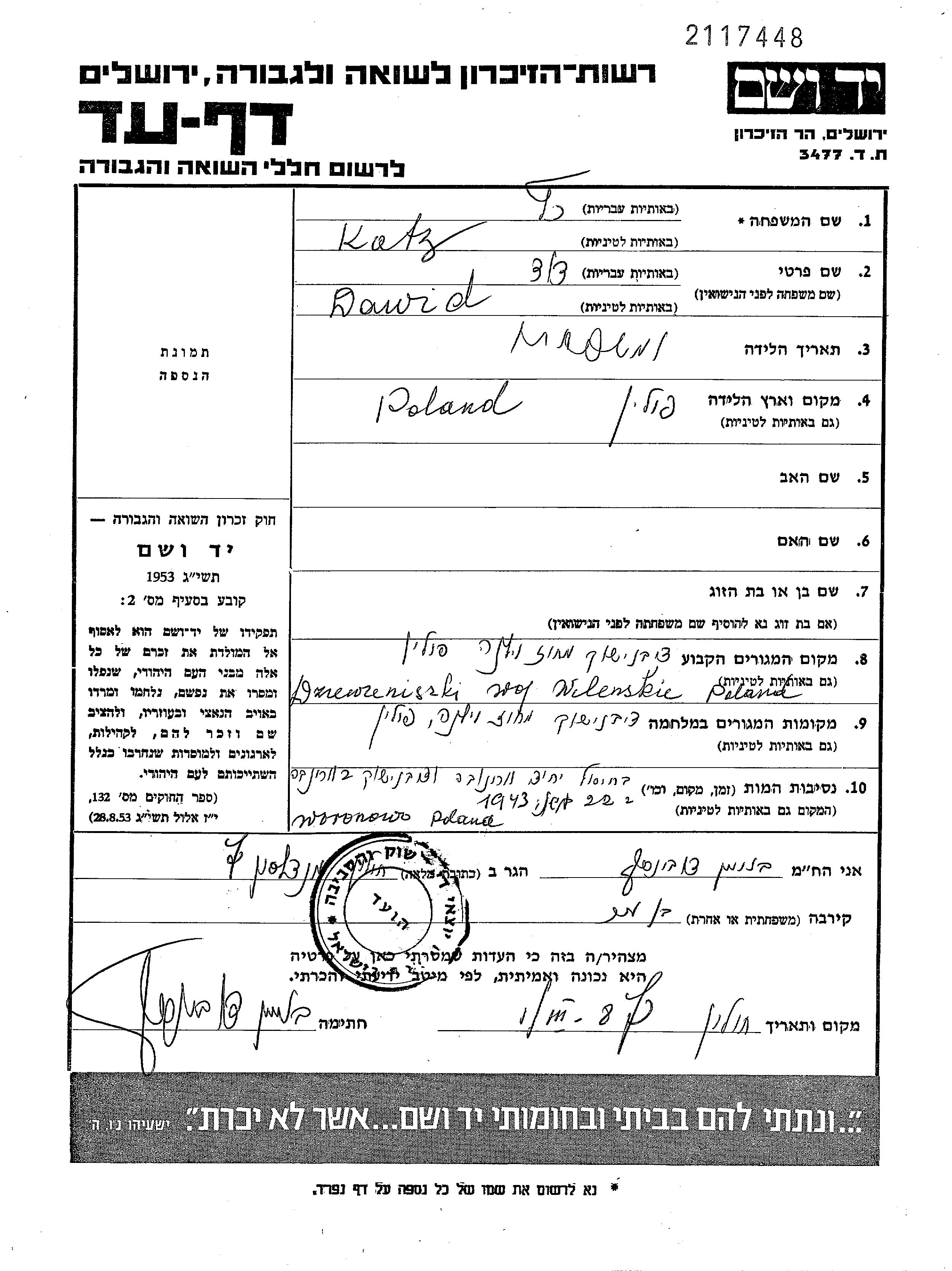 Katz Dawid Dziewieniszki, Pologne Feuille de témoignage
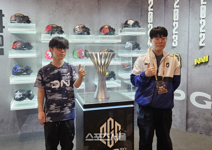 DNF ‘규민’ 심규민(왼쪽)과 ‘플리케’ 김성민 감독이 13일(한국 시간) 태국 방콕 시암 파라곤에서 열린 PGC 2025 그랜드 파이널 2일차 취재진 인터뷰 후 포즈를 취하고 있다. 방콕 | 강윤식 기자 skywalker@sportsseoul.com |
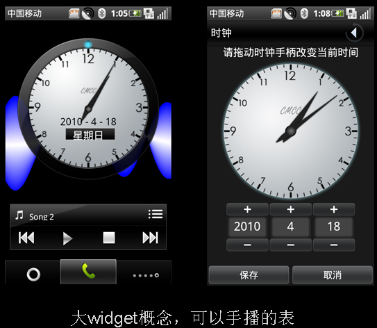 第三,引入大widget概念。Widget給用戶提供了簡易接口來執(zhí)行一些常用功能。OPhone2.0版本首次引入了大widget概念,將手機人性化操作提升到了新的高度。譬如,手機最簡單也是最常用的顯示時間功能,就在OPhone2.0中被設(shè)計成了一個“可以用手播動的表”,用戶不必再繁瑣地輸入數(shù)字來修改時間。

Work task =>
Every line of the material must be returned exactly; leave the images out.

Answer =>
 Katz Dawid Dziewieniszki, Pologne Feuille de témoignage
 DNF ‘규민’ 심규민(왼쪽)과 ‘플리케’ 김성민 감독이 13일(한국 시간) 태국 방콕 시암 파라곤에서 열린 PGC 2025 그랜드 파이널 2일차 취재진 인터뷰 후 포즈를 취하고 있다. 방콕 | 강윤식 기자 skywalker@sportsseoul.com |
 第三,引入大widget概念。Widget給用戶提供了簡易接口來執(zhí)行一些常用功能。OPhone2.0版本首次引入了大widget概念,將手機人性化操作提升到了新的高度。譬如,手機最簡單也是最常用的顯示時間功能,就在OPhone2.0中被設(shè)計成了一個“可以用手播動的表”,用戶不必再繁瑣地輸入數(shù)字來修改時間。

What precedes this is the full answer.